Reference: a 15-step content check you can adapt

  1. Purpose and audience clear

  2. Facts verified, names and dates correct

  3. Sources cited or linked

  4. No speculation presented as fact

  5. Sensitive data removed or masked

  6. Jargon explained or avoided

  7. Tone on brand; plain English

  8. UK spelling and usage

  9. Claims match capability, no over-promising

  10. Legal, compliance, and sector rules respected

  11. Accessibility basics, clear headings and alt text if needed

  12. Style consistency, units and capitalisation

  13. Prompt or agent version recorded

  14. Human reviewer sign-off recorded

  15. Final read-aloud pass to catch clunky sentences


Quick jargon guide

  • LLM — the language engine behind tools like ChatGPT.

  • Token — the metered billing unit models charge for when processing text.

  • Agent — a small, task-specific assistant with instructions and tools.

  • Guardrails — constraints you set in prompts or tooling to limit behaviour.

  • Context pack — the docs and examples you attach so answers live in your world.

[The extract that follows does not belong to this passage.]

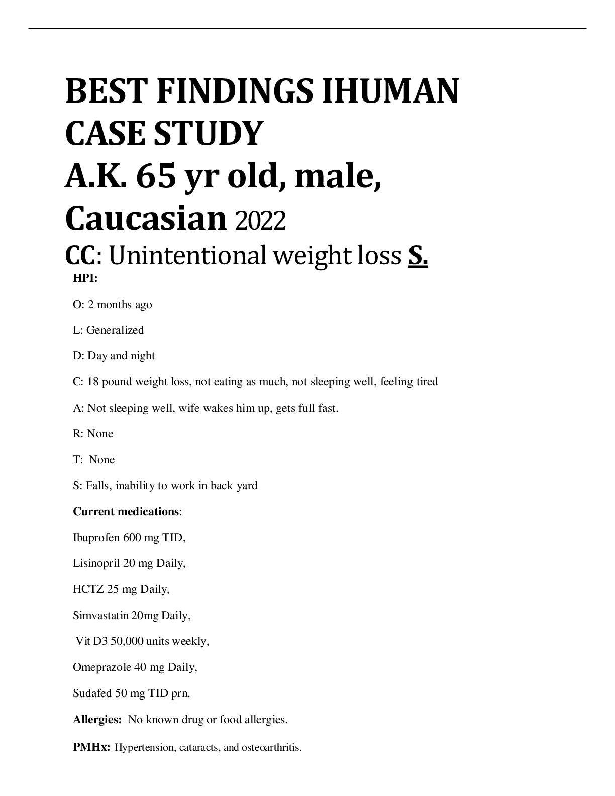 Health Care > ANSWERS AND COMMENTARIES > BEST FINDINGS IHUMAN CASE STUDY A.K. 65 yr old, male, Caucasian 2022

  • Tech debt — future pain from quick fixes today. Avoid by piloting, standardising, and hardening.


Five panel-backed tips to get moving, thoughtfully

  1. Start small, then scale, and always keep a human in the loop
    Pick one repeatable, low-risk task, learn how AI helps, then chain wins together. Treat the model like a junior helper, not an autopilot.

  2. Publish a one-page AI Statement
    Set out how you will and will not use AI, where humans must stay involved, and what checks you expect. It helps with culture, hiring, and procurement, and it removes ambiguity across teams.

  3. Build guardrails, add context, and check outputs
    Break big requests into steps, give the model your documents for context, and run a consistent review checklist before anything goes out the door. Custom agents or Copilot agents can embed that context and policy for consistency.

  4. Choose tools by task, not hype, and mind data policy
    Different models shine at different jobs, so test against your real tasks. Explore search-first tools like Perplexity, try local or open-source where appropriate, and be cautious with hosted apps that retain data. If you run DeepSeek locally, fine; avoid the web or app versions for sensitive work.

  5. Grow capability from the inside, then bring in help where it counts
    Spot the people already using AI in their personal lives, make them champions, and try reverse mentoring. If you need acceleration, lean on specialist consultants or sector programmes to map use cases and de-risk adoption.


Final thought
Do not rush, and do not freeze. Start small, then scale, and keep a human at the decision points. Publish your AI Statement, use a checklist, and choose tools by fit rather than fashion. That is how you get real value quickly without creating tomorrow’s tech debt.